Oral CU06-1004 was linked to improvements in best-corrected visual acuity (BCVA) and positive anatomic changes in eyes with diabetic macular edema (DME), according to late-breaking data presented at the American Society of Retina Specialists (ASRS) 42nd Annual Meeting.
In preclinical study data, CU06, a novel endothelial dysfunction blocker, was proven to stabilize damaged capillaries, reduce abnormal angiogenesis, and impede inflammatory activation. These Phase 2 data furthered these findings by demonstrating visual improvements and stabilization of central subfield thickness (CST) in DME.
“In summary, with the obvious shortcomings of the study not having a control, we can summarize the drug was safely taken orally for 12 weeks, there was a dose-dependent improvement in BCVA, and showed changes in metabolic and inflammatory biomarkers,” said presenting investigator Victor Gonzalez, MD, Valley Retina Institute.
The Phase 2a study was a proof-of-concept, multi-center, randomized, open-label, parallel-group clinical trial. Investigators sought to assess the efficacy and safety of orally administered CU06-1004 to improve CST and BCVA in eyes with center-involved DME and determine optimal dosage.
Criteria for inclusion included CST, as measured by the Zeiss Cirrus (≥290 µm in women or ≥305 µm in men) and Heidelberg Spectralis (≥305 µm in women or ≥320 µm in men), and a BCVA letter score of 34 to 83.
Those matching eligibility (n = 67) were randomized to CU06 100 mg, 200 mg, or 300 mg dosed once daily for 12 weeks over a 4-week follow-up. Efficacy and safety assessments were conducted at baseline and Weeks 4, 8, 12, and 16.
The study’s primary outcome comprised the mean change from baseline in CST at Week 12, while secondary outcomes involved the change in BCVA and blood biomarkers. Subgroup analyses were conducted according to treatment history, baseline BCVA, and CST.
At baseline, the mean CST was 399.1, 402,2, and 381.2 µm, respectively, for the CU06 100 mg, 200 mg, and 300 mg dose cohorts. After 12-week treatment, the analysis showed CST measures remained mostly stable, without further worsening.
Qualitative evaluation of OCT images, including thickness maps and foveal B-scans, categorized the degree of improvement into 5 levels. These data revealed a trend of numerically greater improvement with higher doses of CU06.
Further, for BCVA outcomes, the baseline mean for overall subjects in the study was 70 ETDRS letters, with a change from baseline to Week 12 of 1.9 to 2.5 ETDRS letters. In particular, individuals with baseline BCVA ≤69 experienced a dose-dependent improvement in BCVA of 4.3, 5.4, and 5.8 letters at the end of treatment, respectively, with gradual improvement during the treatment period.
In addition, changes in fasting glucose and tumor necrosis factor-alpha (TNF-α) levels showed a dose-dependent increase from baseline at Week 12.
Overall safety data indicated CU06 was well-tolerated, without drug-related serious adverse events (SAEs). There were no safety-related or tolerability-related trends of concern identified in the study data.

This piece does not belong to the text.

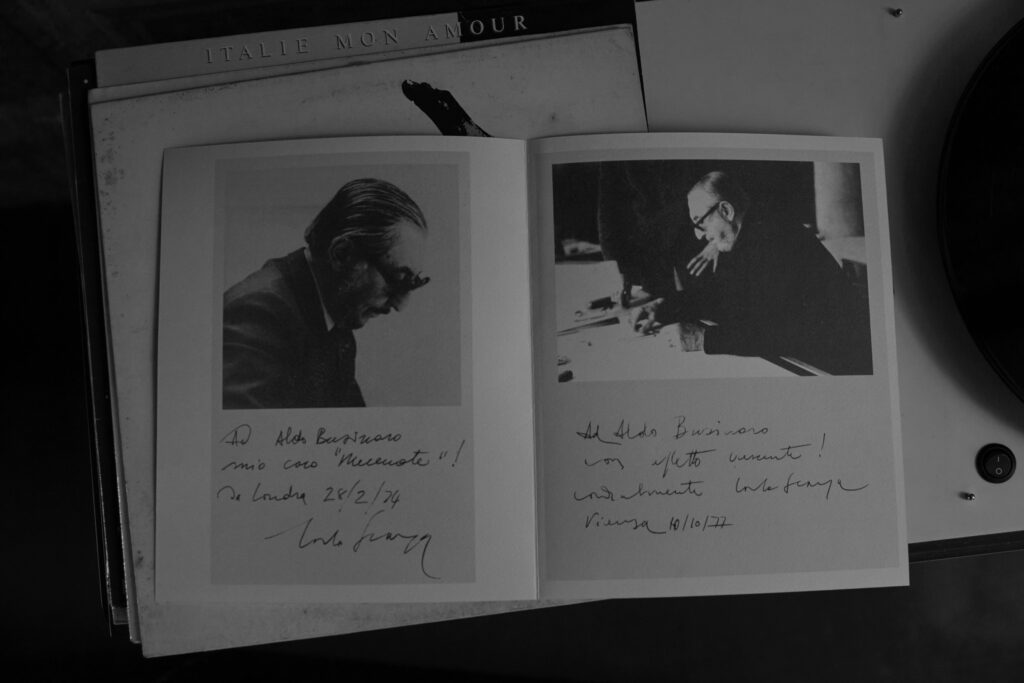 Aldo Businaro, imprenditore e ambasciatore del design italiano nel mondo, si trasferì a vivere nella Villa negli Anni Sessanta. “I lavori di ristrutturazione hanno richiesto tempi lunghissimi. I primi anni vivevamo tutti in una stanza, l’unica in cui non pioveva dentro” racconta Ferdinando. Una casa-manifesto che sigilla un’amicizia tra generazioni e famiglie e che rappresenta anche quell’arte del ricevere che così ben riassume lo stile di vita italiano.

“With this in mind, we need to continue other studies to further evaluate the drug formulations and make sure we have a control,” Gonzalez added.
Reference
Gonzalez V. Phase 2a Study of CU06-1004, an Oral Endothelial Dysfunction Blocker For the Treatment of Diabetic Macular Edema (DME). Paper presented at the American Society of Retina Specialists (ASRS) 42nd Annual Meeting. Stockholm, Sweden. July 17-20, 2024.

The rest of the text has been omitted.